Available data
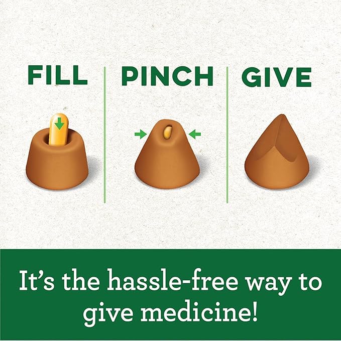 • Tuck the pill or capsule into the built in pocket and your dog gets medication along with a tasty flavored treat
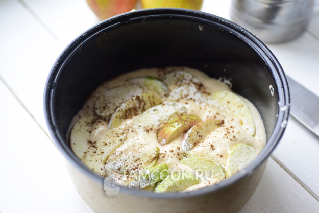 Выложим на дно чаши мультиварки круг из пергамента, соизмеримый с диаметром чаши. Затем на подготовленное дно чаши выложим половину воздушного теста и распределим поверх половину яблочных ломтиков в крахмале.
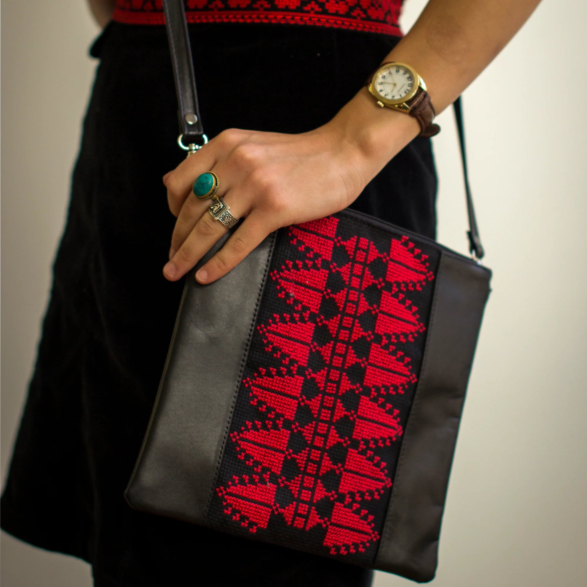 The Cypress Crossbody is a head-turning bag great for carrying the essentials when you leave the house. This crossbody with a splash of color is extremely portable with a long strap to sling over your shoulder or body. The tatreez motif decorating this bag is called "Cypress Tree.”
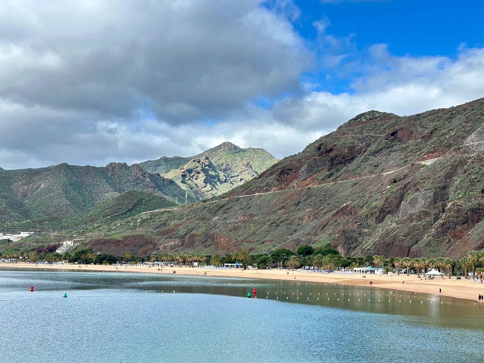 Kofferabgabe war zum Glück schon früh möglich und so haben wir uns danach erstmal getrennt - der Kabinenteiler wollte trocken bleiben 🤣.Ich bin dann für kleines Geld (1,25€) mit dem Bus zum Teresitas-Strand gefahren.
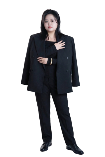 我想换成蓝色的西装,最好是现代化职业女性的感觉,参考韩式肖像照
* * *
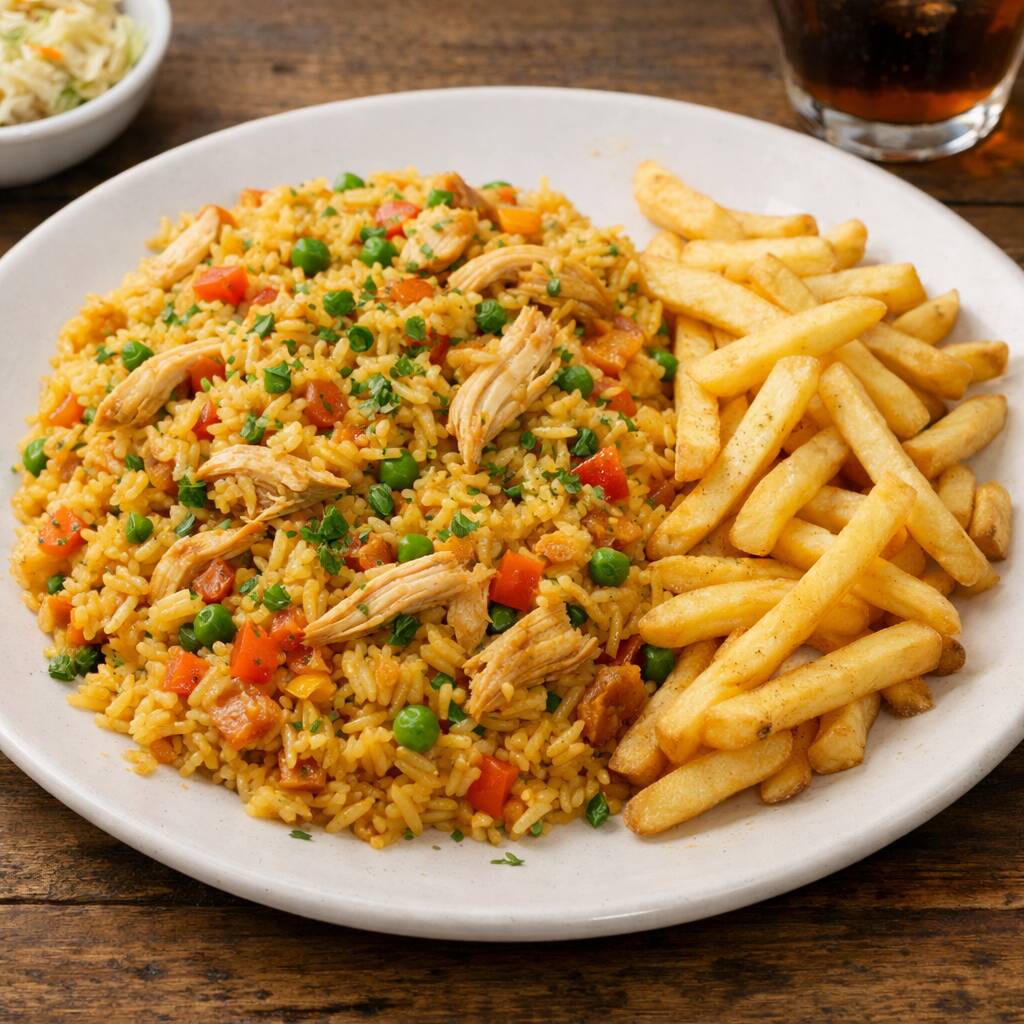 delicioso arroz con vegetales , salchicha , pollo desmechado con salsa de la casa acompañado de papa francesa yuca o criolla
--
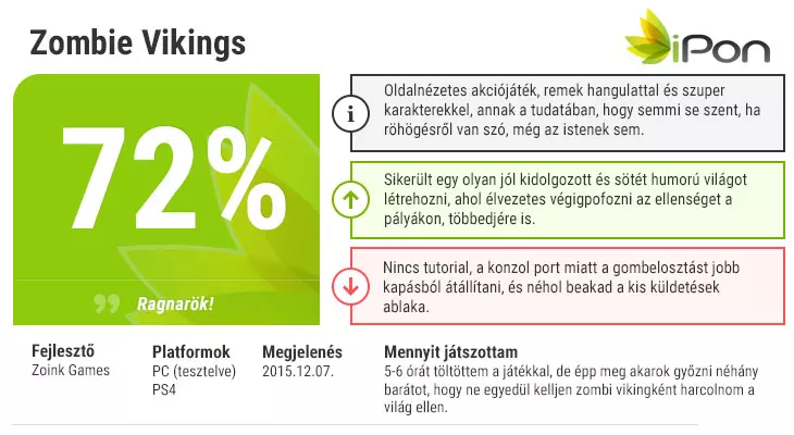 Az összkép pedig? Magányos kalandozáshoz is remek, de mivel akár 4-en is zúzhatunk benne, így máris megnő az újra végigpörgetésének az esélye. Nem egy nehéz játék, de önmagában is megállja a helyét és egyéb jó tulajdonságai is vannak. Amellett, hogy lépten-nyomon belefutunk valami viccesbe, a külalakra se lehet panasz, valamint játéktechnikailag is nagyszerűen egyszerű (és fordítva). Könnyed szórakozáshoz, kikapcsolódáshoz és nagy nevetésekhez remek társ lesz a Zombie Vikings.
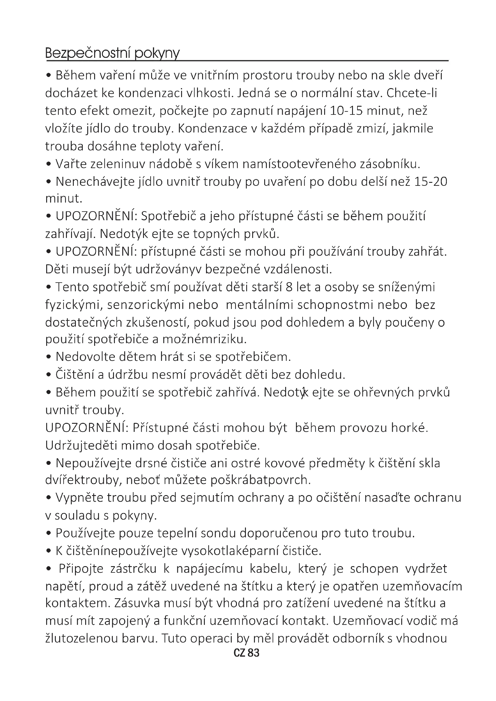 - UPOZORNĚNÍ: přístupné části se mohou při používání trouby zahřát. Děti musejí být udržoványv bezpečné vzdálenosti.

Work to complete
Print everything from the line with "Kofferabgabe war zum" down to the line with "我想换成蓝色的西装,最好是现代化职业女性的感觉,参考韩式肖像照" in the entries above, both lines included and nothing more, without the pictures.

Answer below
 Kofferabgabe war zum Glück schon früh möglich und so haben wir uns danach erstmal getrennt - der Kabinenteiler wollte trocken bleiben 🤣.Ich bin dann für kleines Geld (1,25€) mit dem Bus zum Teresitas-Strand gefahren.
 我想换成蓝色的西装,最好是现代化职业女性的感觉,参考韩式肖像照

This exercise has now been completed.